» **Listed records**
·····
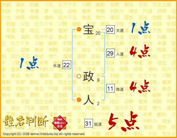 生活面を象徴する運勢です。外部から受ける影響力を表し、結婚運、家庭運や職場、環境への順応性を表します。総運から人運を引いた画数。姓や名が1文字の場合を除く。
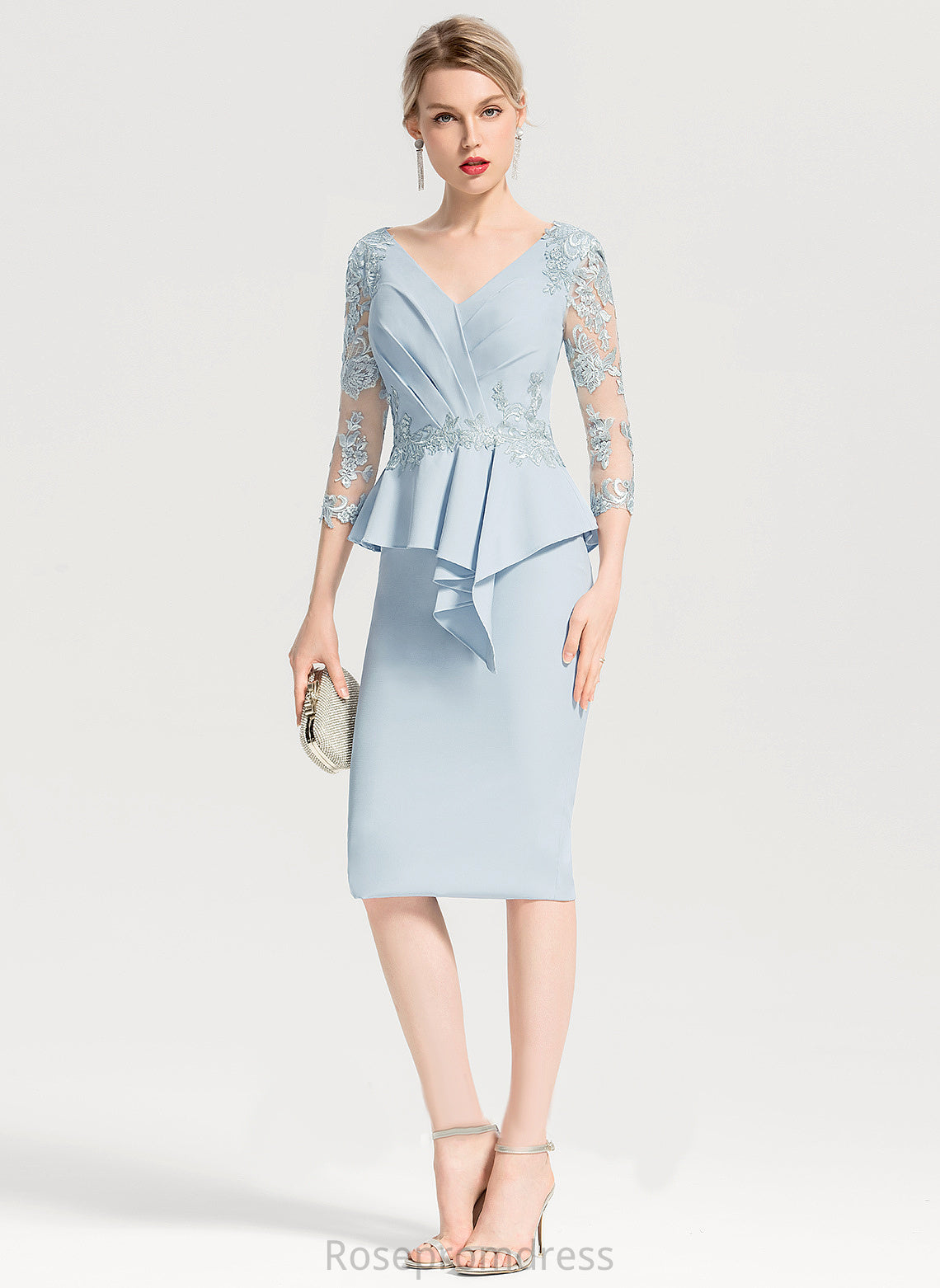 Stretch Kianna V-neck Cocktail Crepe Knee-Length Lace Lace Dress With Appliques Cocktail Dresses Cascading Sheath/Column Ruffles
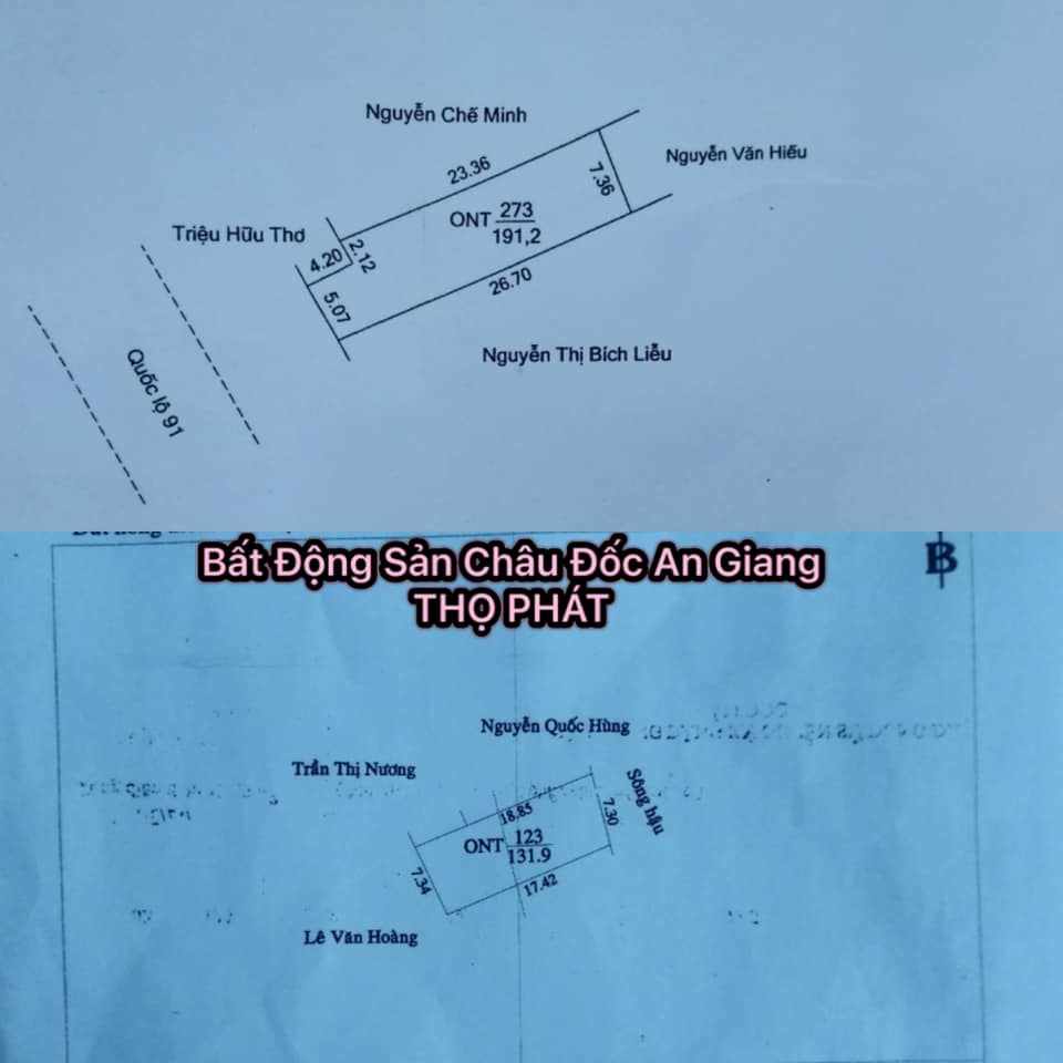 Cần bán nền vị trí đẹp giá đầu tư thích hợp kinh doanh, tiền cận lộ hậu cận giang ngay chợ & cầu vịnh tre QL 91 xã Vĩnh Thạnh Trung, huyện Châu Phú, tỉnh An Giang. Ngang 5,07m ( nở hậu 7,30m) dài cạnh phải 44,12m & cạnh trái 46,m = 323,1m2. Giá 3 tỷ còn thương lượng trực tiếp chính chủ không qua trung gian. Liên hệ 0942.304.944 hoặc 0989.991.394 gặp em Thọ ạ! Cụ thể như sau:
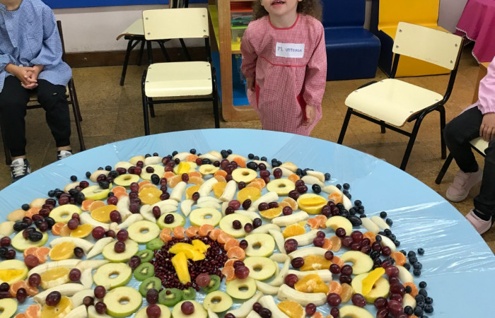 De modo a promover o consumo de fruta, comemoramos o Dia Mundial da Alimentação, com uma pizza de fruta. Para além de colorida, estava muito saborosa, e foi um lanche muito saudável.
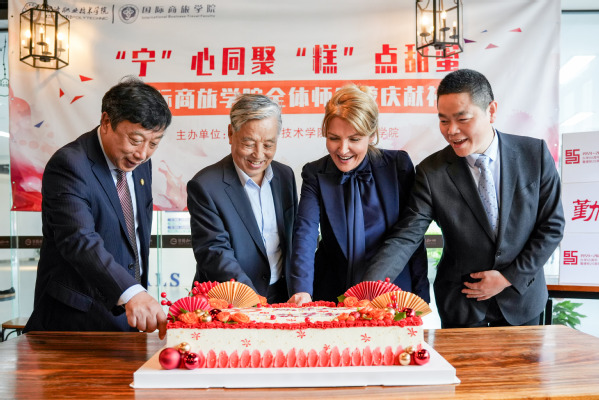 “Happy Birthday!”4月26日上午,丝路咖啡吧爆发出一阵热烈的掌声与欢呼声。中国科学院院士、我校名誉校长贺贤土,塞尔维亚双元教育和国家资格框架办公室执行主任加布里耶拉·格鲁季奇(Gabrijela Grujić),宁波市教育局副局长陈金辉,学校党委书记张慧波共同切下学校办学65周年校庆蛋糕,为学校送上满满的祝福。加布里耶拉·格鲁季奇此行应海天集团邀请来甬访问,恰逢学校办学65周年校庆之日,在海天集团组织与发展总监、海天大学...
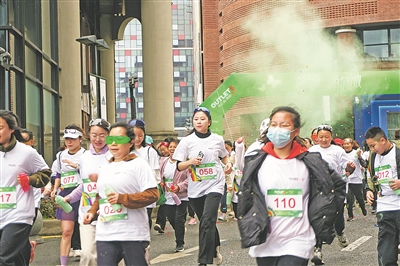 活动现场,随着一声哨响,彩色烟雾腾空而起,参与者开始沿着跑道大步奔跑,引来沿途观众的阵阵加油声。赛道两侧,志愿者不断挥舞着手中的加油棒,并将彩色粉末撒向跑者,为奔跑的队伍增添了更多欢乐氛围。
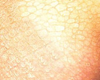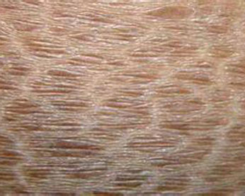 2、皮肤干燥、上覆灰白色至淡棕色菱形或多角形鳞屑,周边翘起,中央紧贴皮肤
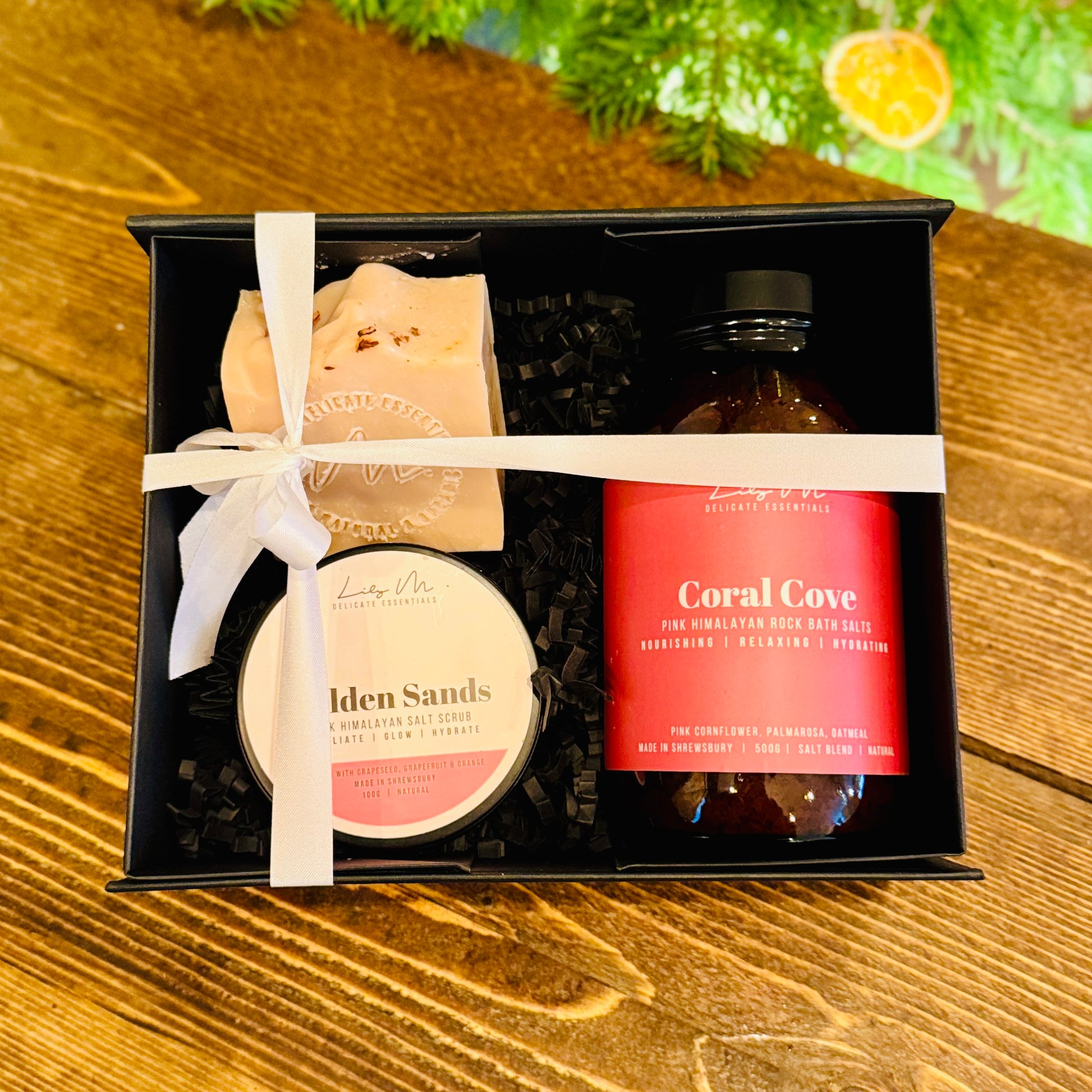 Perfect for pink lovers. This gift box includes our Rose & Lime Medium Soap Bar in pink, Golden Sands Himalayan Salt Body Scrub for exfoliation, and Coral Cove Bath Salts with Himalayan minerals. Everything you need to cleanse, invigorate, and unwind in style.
·····
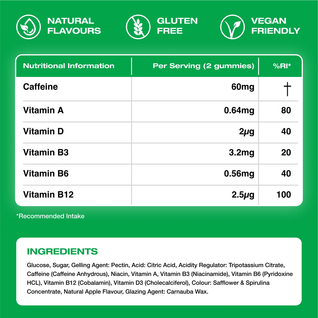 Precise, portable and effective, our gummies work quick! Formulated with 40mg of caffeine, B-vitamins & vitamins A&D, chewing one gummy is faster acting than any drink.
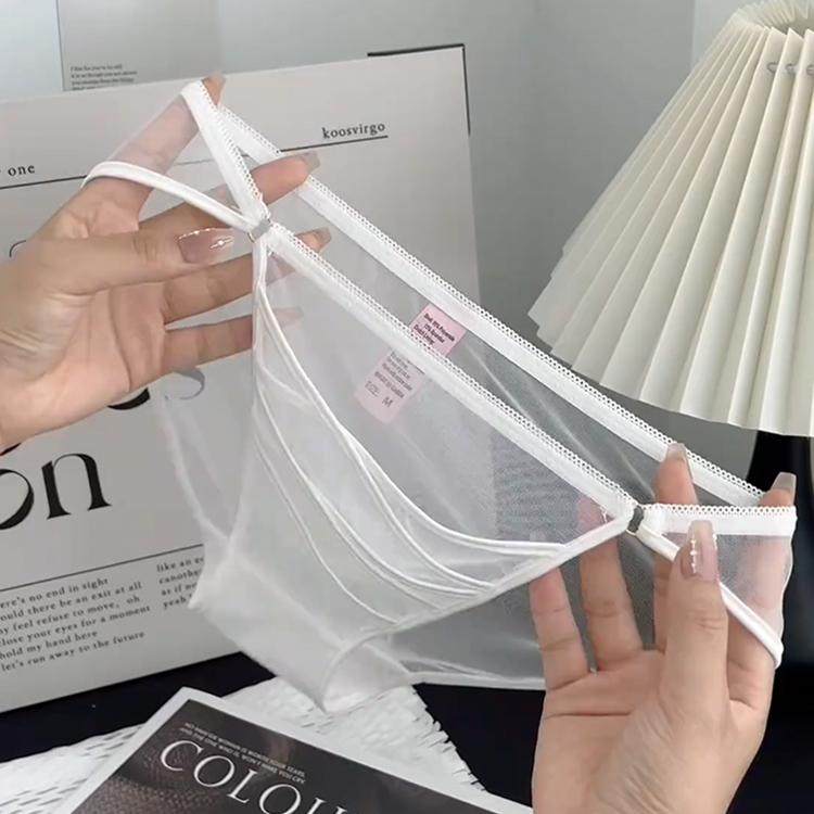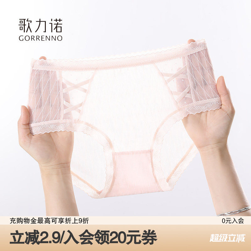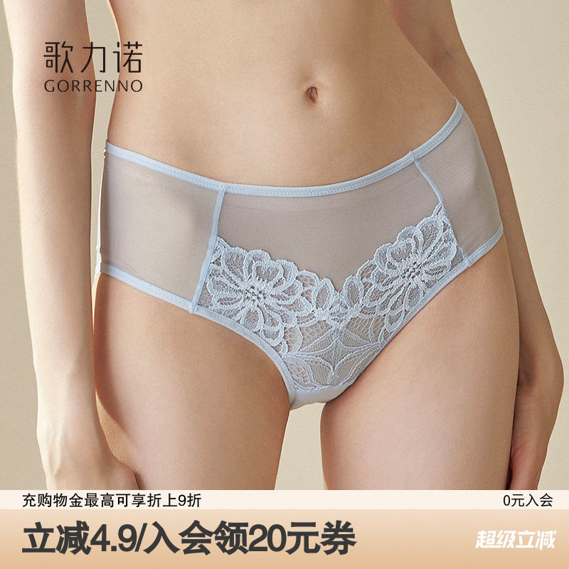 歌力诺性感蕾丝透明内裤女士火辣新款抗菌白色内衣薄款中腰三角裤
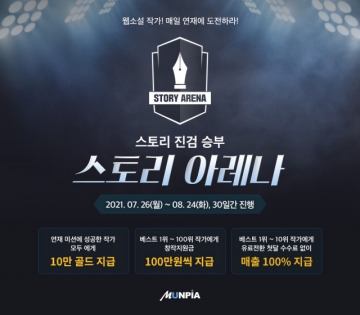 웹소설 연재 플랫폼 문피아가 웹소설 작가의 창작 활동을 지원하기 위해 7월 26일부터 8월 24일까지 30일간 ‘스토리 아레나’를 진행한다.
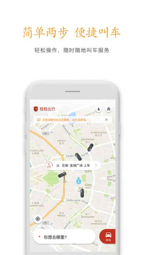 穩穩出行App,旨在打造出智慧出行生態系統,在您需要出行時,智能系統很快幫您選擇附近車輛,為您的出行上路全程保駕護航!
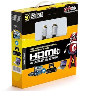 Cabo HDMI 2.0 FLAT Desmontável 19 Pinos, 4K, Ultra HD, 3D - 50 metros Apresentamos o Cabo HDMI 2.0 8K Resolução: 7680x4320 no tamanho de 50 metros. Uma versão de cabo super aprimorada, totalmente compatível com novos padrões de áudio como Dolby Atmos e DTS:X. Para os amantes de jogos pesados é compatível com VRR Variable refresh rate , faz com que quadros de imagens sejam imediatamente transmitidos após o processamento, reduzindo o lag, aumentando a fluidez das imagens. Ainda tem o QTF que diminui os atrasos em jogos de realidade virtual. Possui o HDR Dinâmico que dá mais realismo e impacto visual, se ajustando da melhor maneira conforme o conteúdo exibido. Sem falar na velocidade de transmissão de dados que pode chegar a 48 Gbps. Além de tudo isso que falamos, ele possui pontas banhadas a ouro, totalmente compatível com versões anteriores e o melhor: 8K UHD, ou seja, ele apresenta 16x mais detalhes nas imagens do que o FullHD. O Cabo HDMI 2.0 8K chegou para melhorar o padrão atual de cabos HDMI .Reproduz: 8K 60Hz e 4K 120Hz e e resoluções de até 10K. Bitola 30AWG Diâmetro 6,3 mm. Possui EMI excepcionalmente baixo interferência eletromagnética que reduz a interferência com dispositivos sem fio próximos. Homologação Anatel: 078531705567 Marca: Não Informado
·····
» **Your assignment**
Both the line above containing "웹소설 연재 플랫폼 문피아가" and the line containing "穩穩出行App,旨在打造出智" belong in the copy, along with every line between them; print these exactly and omit the pictures.

» **Exercise answer**
 웹소설 연재 플랫폼 문피아가 웹소설 작가의 창작 활동을 지원하기 위해 7월 26일부터 8월 24일까지 30일간 ‘스토리 아레나’를 진행한다.
 穩穩出行App,旨在打造出智慧出行生態系統,在您需要出行時,智能系統很快幫您選擇附近車輛,為您的出行上路全程保駕護航!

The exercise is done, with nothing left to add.